Some Chinese experts believe Beijing’s media messaging and propaganda efforts have left it with no easy way to end the zero-Covid policy. However, Steve Tsang, director of the China Institute at Soas in London, says Beijing “could change the narrative” by spreading a new message through state media organs that “they conquered the virus and beat it up with Chinese vaccines and that it is no longer lethal”.


Others say that Beijing’s propaganda, surveillance and censorship machines have benefited from the pandemic. And for Xi, the state’s ability to limit dissent is essential this year as he seeks to extend his leadership at a twice-a-decade party congress in November, laying the ground for years more of unchallenged rule.

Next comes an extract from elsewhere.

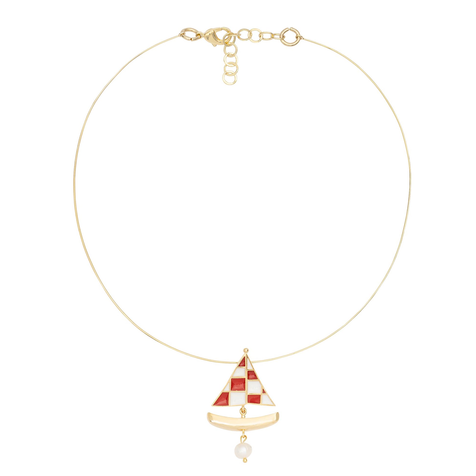 Criada em parceria com a Triana, a Gargantilha Veleiro é uma peça que surge do encontro de duas marcas contadoras de histórias. Feita à mão, possui pingente de barco que navega sobre um xadrez de resina branca e vermelha, representando o nosso universo lúdico. Pensada para ser protagonista da sua produção, ilumina o colo com um toque de cor divertido. DICA: Se você curte conjunto, combine com o Brinco Mini Veleiro para uma composição cheia de graça!
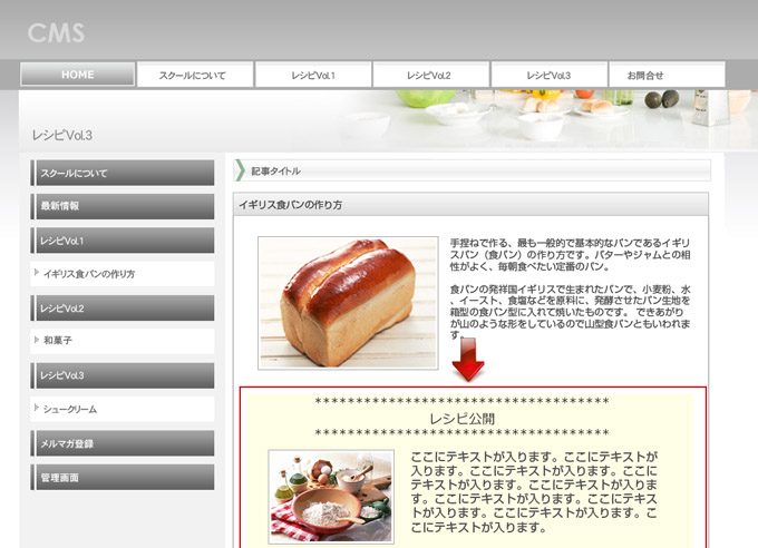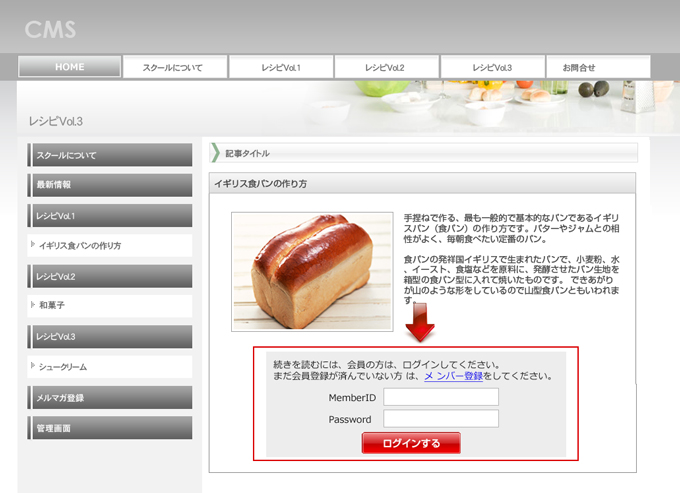 | ログイン後は、一般表示エリアの下部に、会員限定コンテンツを表示させます |

Xiao Qiang, an expert on China’s censorship and propaganda apparatus at the University of California, Berkeley, says debate on public health issues — including whether China-made vaccines work — is now suppressed as brutally as political dissent. He says there is little indication that the new layer of tech-based mass tracking introduced with the pandemic will be unwound when the health crisis subsides.


“There is no question, no discussion, no nothing,” says Xiao. “Voices have been crushed. The public channels are shrinking.”


But even if there is little space for dissent, the state’s heavy-handed controls make it more likely that those worst affected — including the migrant workers who form the backbone of the Chinese economy — begin to question the wisdom of those making decisions.


“This rigidness at the top — you could call that effectiveness of the autocratic system — is becoming the weakness of the autocratic system,” Xiao says.